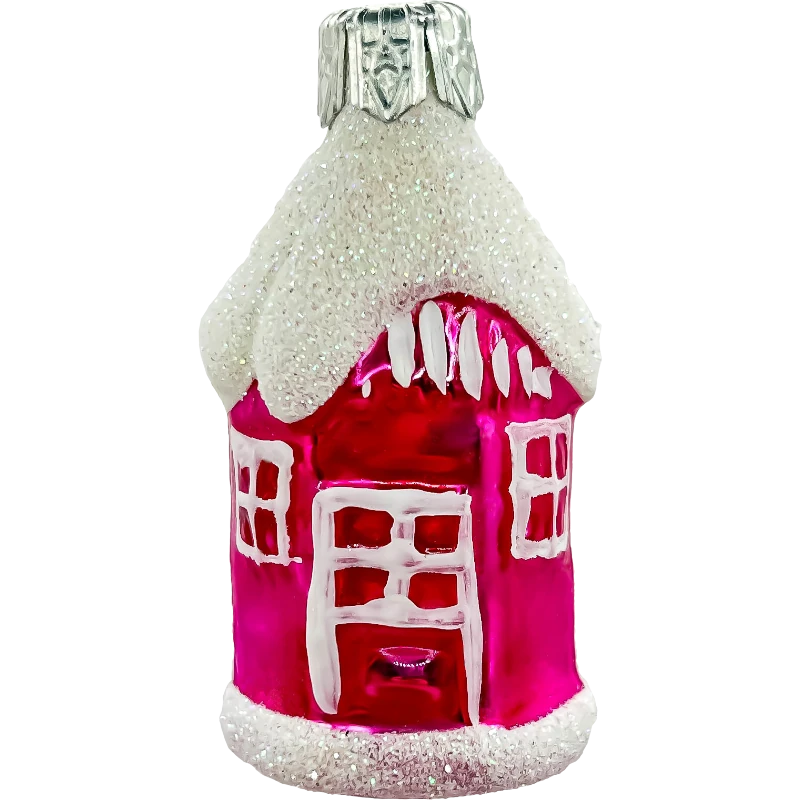 Wprowadź wyjątkowy, nostalgiczny klimat do swojego świątecznego wnętrza dzięki tej szklanej bombce w kształcie charakterystycznego domku z czasów PRL-u z lat 80., w pięknym, intensywnie różowym kolorze. Ręcznie wykonana i ozdobiona, bombka przyciąga uwagę swoim niecodziennym odcieniem oraz ośnieżonym, brokatowym dachem, który dodaje jej uroku zimowej scenerii.
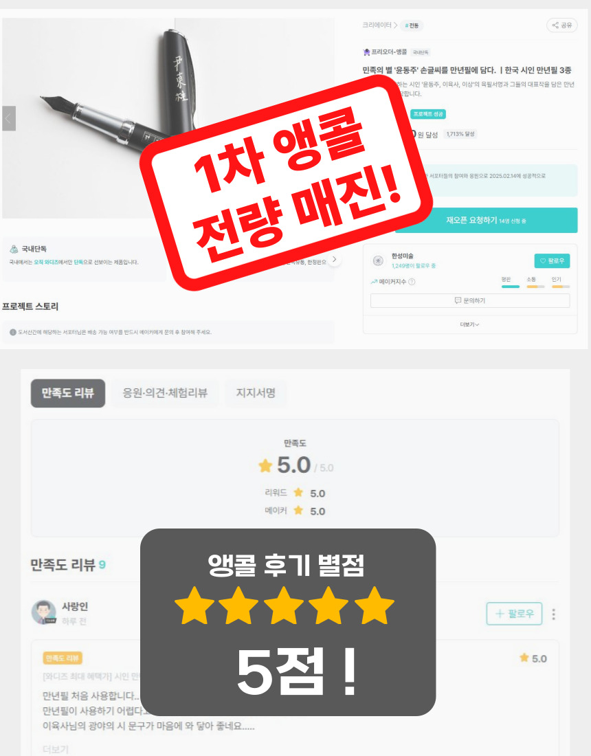 만년필 리워드의 각인은 손으로 쓴 것과 같은 느낌을 내기 위해 원고지 칸과 정확히 맞추어 글자가 배치되지 않았습니다. 따라서, 해당 부분은 하자에 해당하지 않습니다.
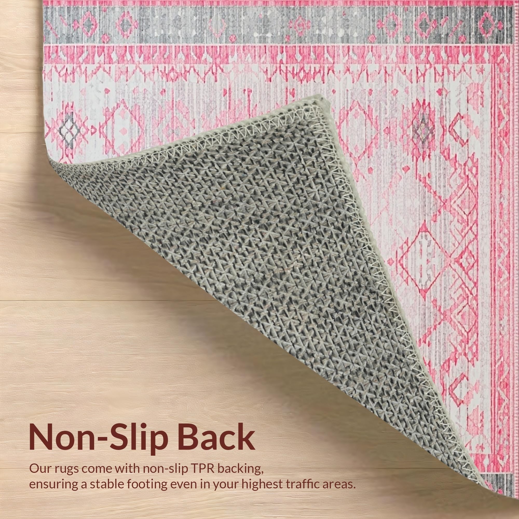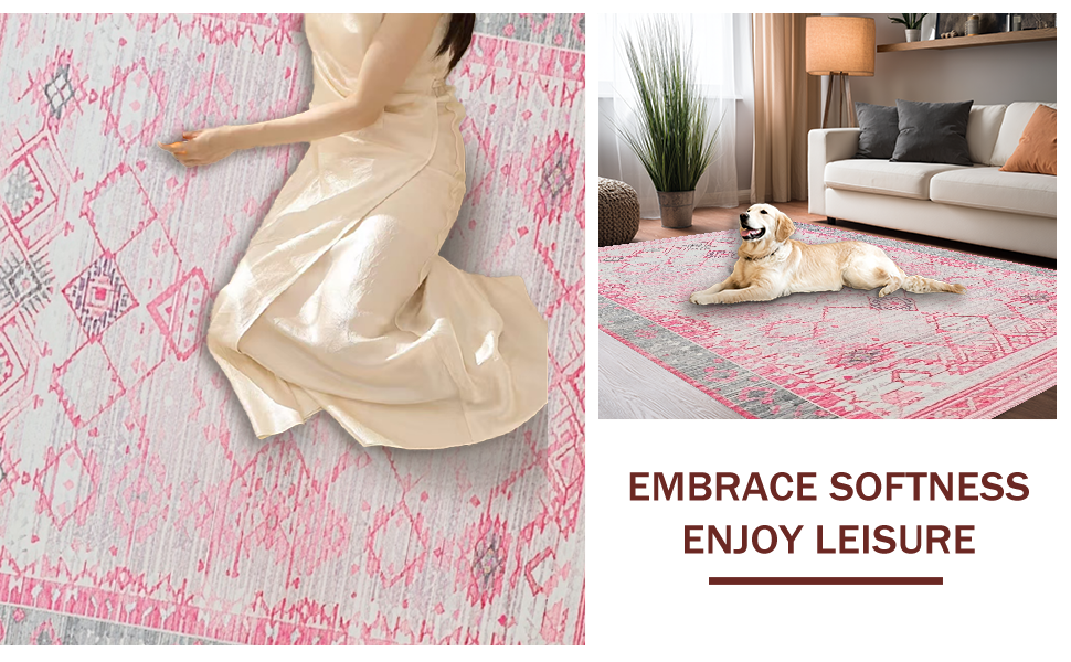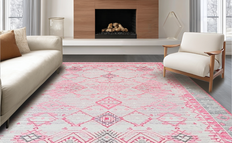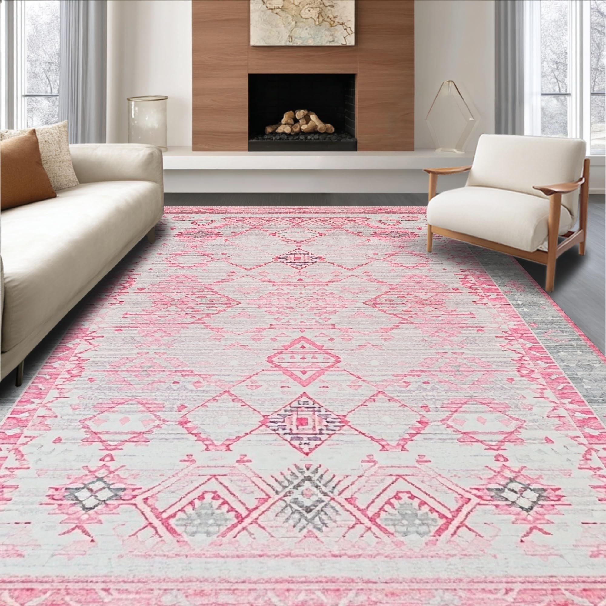 Ultra Soft Area Rug, Non Slip, Stain Resistant, Washable Area Rugs for Living Room, Bedroom, Delicate Lattice Design with Fuzz(Pink) Overview:
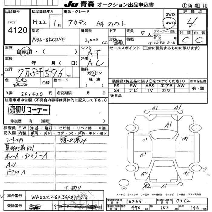 AUDI A4 4WD AVANTE - лот 4120
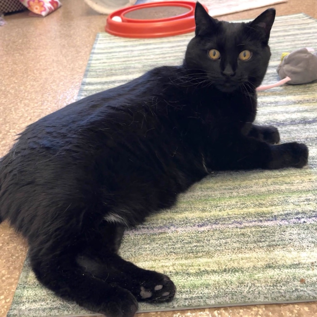 I’ve really blossomed with the love of Happy Cats volunteers and love coming out for pets with my favorite people. Once I’m home and settled, I’ll be happy to snuggle sidecar-style like I did with my foster mom, keeping you warm on cold winter nights.
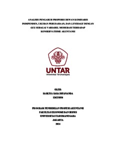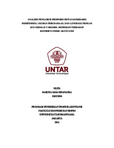 Difananda, Saskiya Sasa (2023) Analisis pengaruh proporsi dewan komisaris independen, ukuran perusahaan, dan leverage dengan GCG sebagai variabel moderasi terhadap konservatisme akuntansi. Masters thesis, Universitas Tarumanagara.
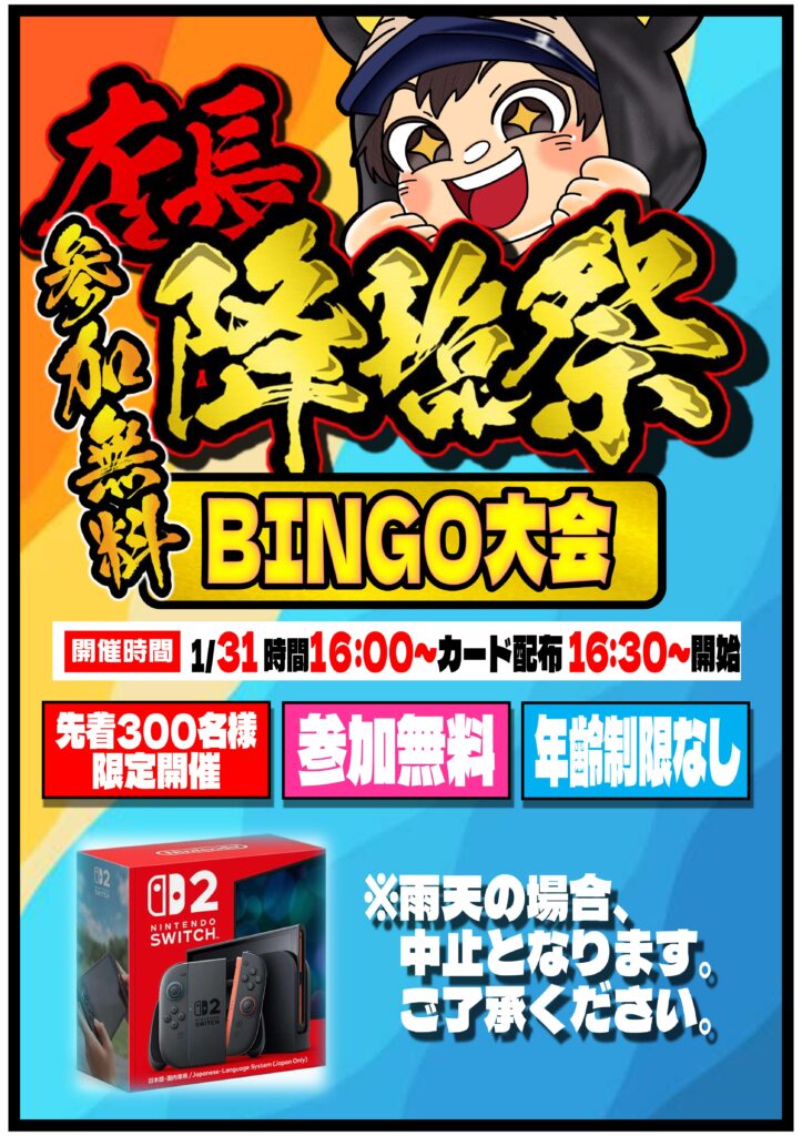 【1/31開催】店長降臨祭! 本日1/31は… 店長降臨祭【ビンゴ大会】を開催し…
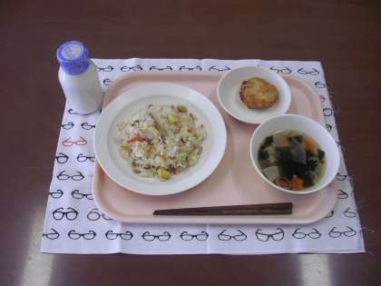 秋の香りごはん・牛乳・豆腐のナゲット・すまし汁 です。
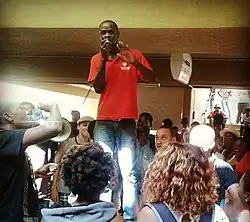 Kalimbwe has participated in African youth activism[13] and was elected student representative council president of the University of Namibia.[14] He was expelled from his Master's programme at the university in 2017 after breaking into a cafeteria with other students to use it as a study area, claiming that there were not enough designated study spaces.[15] He also took part in the FeesMustFall protests in which university students demanded a decrease in university fees. He was later arrested as a result of this campaigning.[16][17][18][19]
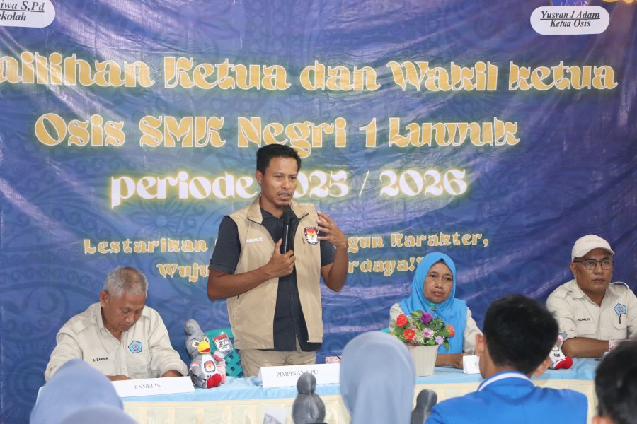 Luwuk, kab-banggai.kpu.go.id - KPU Kabupaten Banggai menghadiri Undangan Sosialisasi dan Pendidikan Pemilih yang diselenggarakan oleh SMKN 1 Luwuk, Sabtu (8/11/2025). Kegiatan ini bertujuan untuk memberikan pemahaman kepada para pelajar, khususnya pemilih pemula, tentang pentingnya partisipasi aktif dalam proses demokrasi dan pemilihan umum. Hadir dalam kegiatan tersebut Anggota KPU Kabupaten Banggai, Mahmud selaku Ketua Divisi Sosialiasi Pendidikan Pemilih, Partisipasi Masyarakat dan SDM dan Jajaran Sekretariat, Kepala SMKN 1 Luwuk Evriaty Mahiwa, S.Pd beserta jajaran serta siswa-siswi peserta sosialisasi. Dalam sambutannya, Anggota KPU Banggai menyampaikan apresiasi kepada pihak sekolah atas inisiatif menyelenggarakan kegiatan pendidikan pemilih. “Pemilih pemula memiliki peran penting dalam menentukan arah masa depan bangsa. Melalui kegiatan seperti ini, kami berharap para siswa dapat memahami hak dan tanggung jawabnya sebagai warga negara dalam menggunakan hak pilih secara cerdas dan bertanggung jawab,” ujar Mahmud. Sosialisasi ini juga membahas berbagai aspek kepemiluan, mulai dari tahapan pemilu, pentingnya daftar pemilih, hingga etika dalam menggunakan media sosial menjelang pemilu. Para siswa tampak antusias mengikuti sesi tanya jawab dan diskusi yang berlangsung interaktif. Kepala SMKN 1 Luwuk menyampaikan terima kasih atas kehadiran dan dukungan KPU Kabupaten Banggai dalam memberikan edukasi politik bagi siswa. “Kami berharap kegiatan seperti ini dapat rutin dilakukan agar siswa memiliki kesadaran pemilih pemula yang baik sejak dini,” ujarnya. Kegiatan ditutup dengan sesi foto bersama antara KPU Kabupaten Banggai dan pihak sekolah, sebagai simbol komitmen bersama dalam membangun generasi muda yang melek demokrasi dan siap berpartisipasi dalam pemilu. (humas KPU Banggai Nurul/foto: Nofry/editor :Mahmud) ....
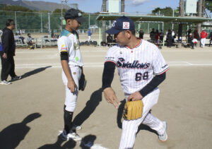 別部東ロータリークラブ主催の「学童野球教室」が11月30日、元ヤクルトスワローズの選手3人を指導者に別府市営野口原総合運動場で開催された。
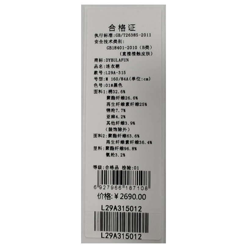 戴布拉芬连衣裙L29A315
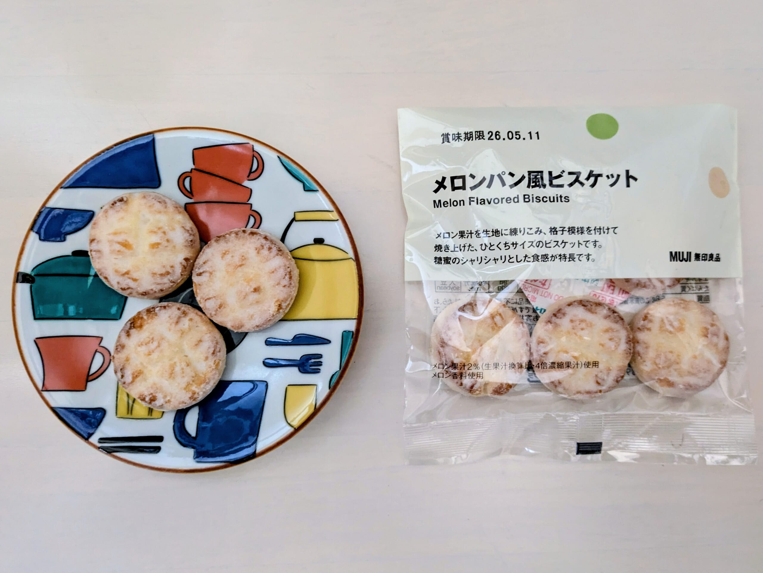 シャリシャリとした砂糖の食感と、メロン果汁の風味、そしてメロンパンといえばの格子模様が再現されており、ひとくちサイズでとても食べやすいビスケットです
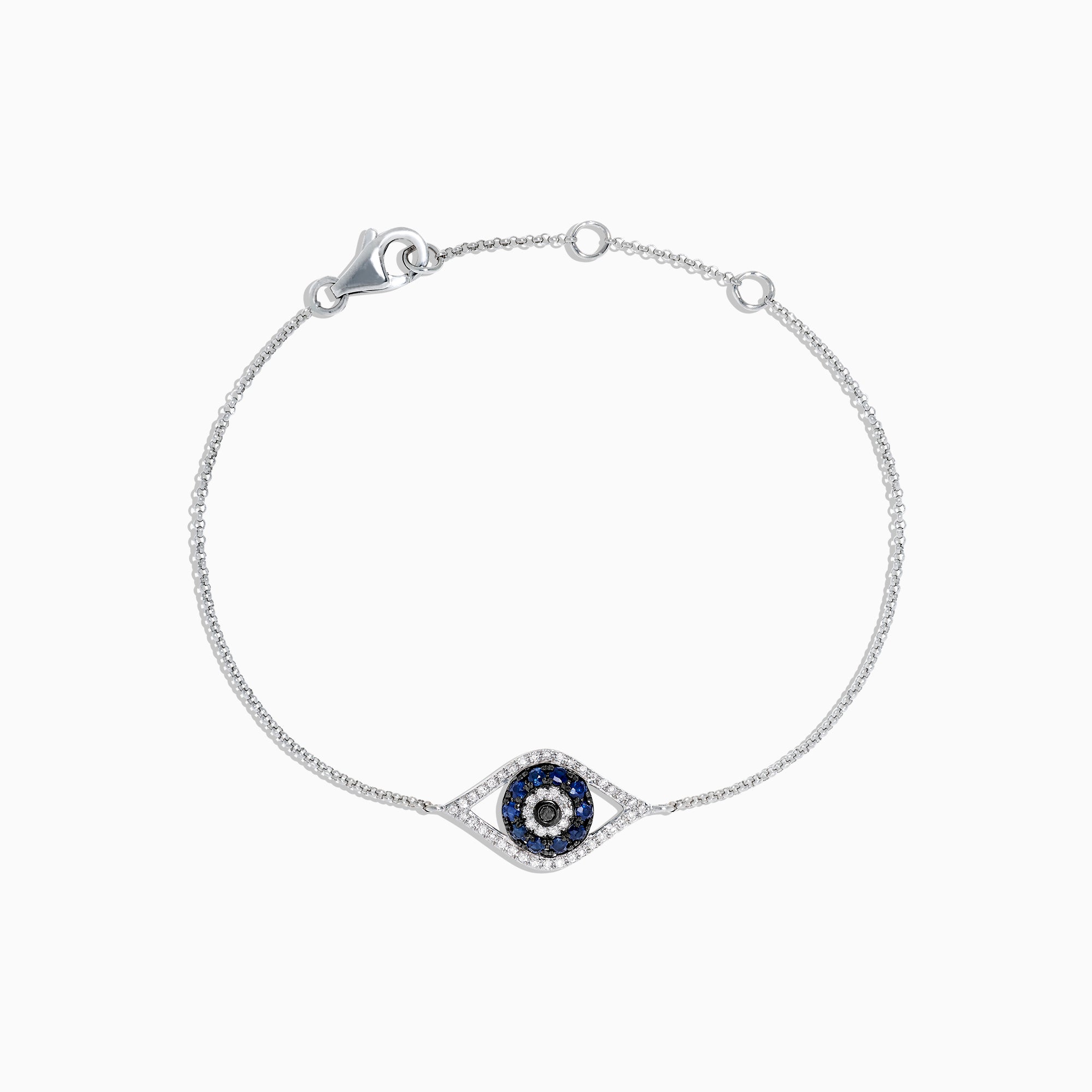 Effy Novelty 14K White Gold Sapphire & Diamond Evil Eye Bracelet, 0.43 TCW
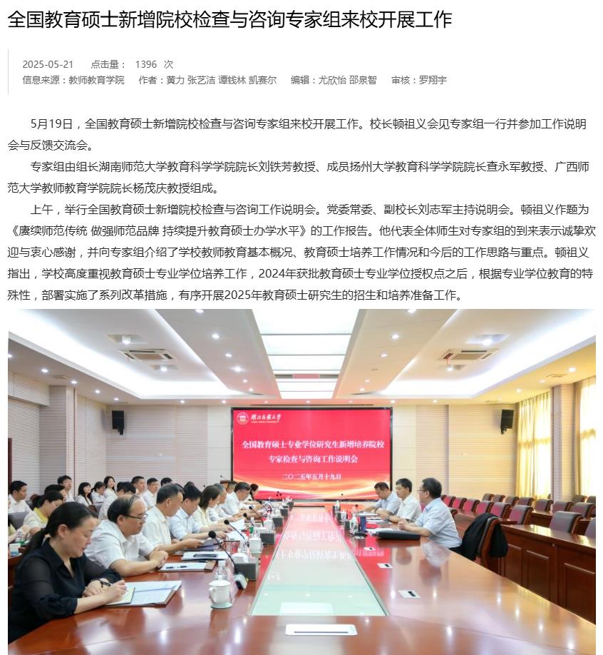 转载自:全国教育硕士新增院校检查与咨询专家组来校开展工作-新闻网
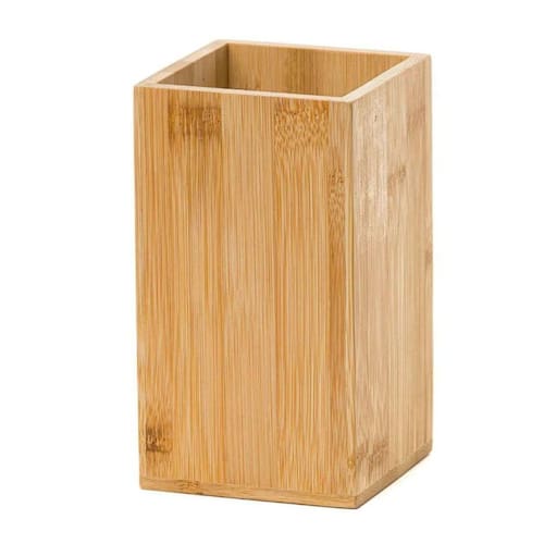 Cor: amadeirado Dimensões: 9cm x 9 cm x 14 cm Composição: bambu Contém 1 peça
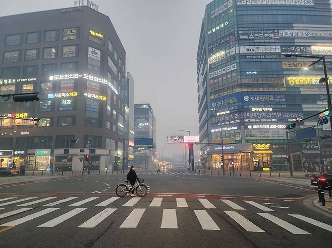 지난 달 26일 경북 북부지역을 덮친 대형 산불로 예천군 호명읍 도청신도시 중심상가가 연기에 덮혀 있는 가운데 마스크를 착용한 주민이 자전거를 타고 급히 이동하고 있다. <독자 제공>
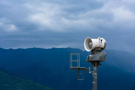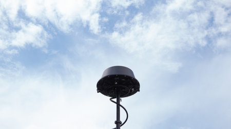 Beach megaphone speaker siren on a sunny day with bright blue sky and clouds.
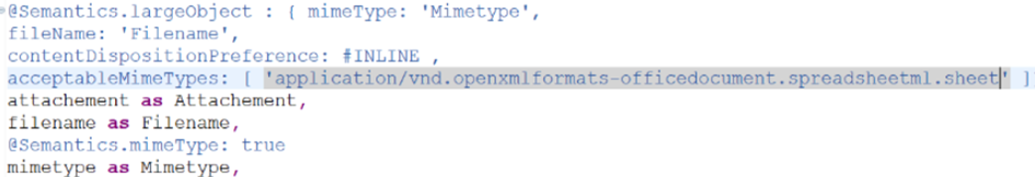 @Semantics.largeObject : {mimeType: 'Mimetype', fileName: 'Filename', contentDispositionPreference: #INLINE }
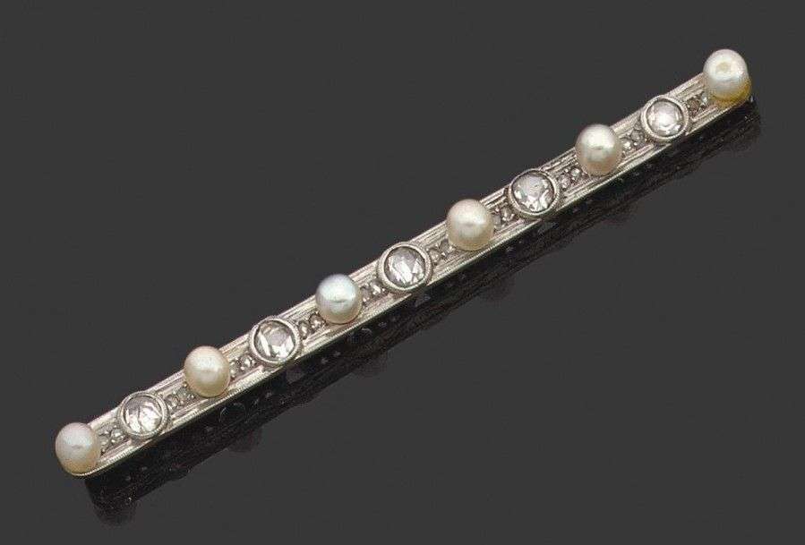 Broche "barette" en or jaune et gris 18k sertie d'une ligne de diamants taillés en rose alternés de petites perles probablement fines. Long: 7.5 cm - Poids brut: 8.34gr A fine supposed pearl, diamond, white and yellow gold brooch.
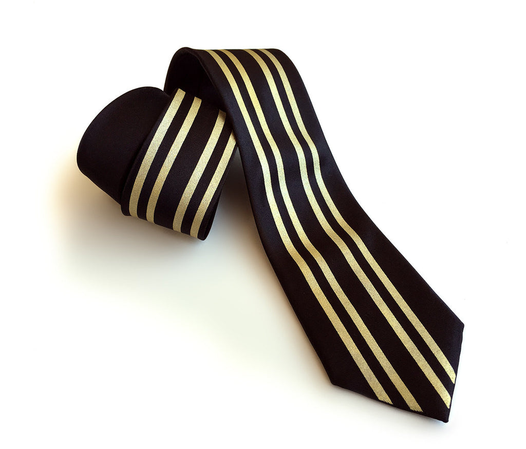 With some ways of tying, the knot will remain solid black and the stripes will fall at or just under the knot. The stripe is printed to the bottom point and 23 inches up the tie. The wearer can experiment with different kinds of knots and tying lengths to have some or all of the gold stripes appear in the knot. Stripe positioning will depend on the wearer's height and neck size.

━━━━━━━━━━━━━━━━━━━━

• _THE TASK_
Copy word for word the lines above, starting at the line containing "秋の香りごはん・牛乳・豆腐のナゲット・すまし汁 です。" and ending at the line containing "Kalimbwe has participated", inclusive, with no pictures.

• _TASK RESPONSE_
 秋の香りごはん・牛乳・豆腐のナゲット・すまし汁 です。
 Kalimbwe has participated in African youth activism[13] and was elected student representative council president of the University of Namibia.[14] He was expelled from his Master's programme at the university in 2017 after breaking into a cafeteria with other students to use it as a study area, claiming that there were not enough designated study spaces.[15] He also took part in the FeesMustFall protests in which university students demanded a decrease in university fees. He was later arrested as a result of this campaigning.[16][17][18][19]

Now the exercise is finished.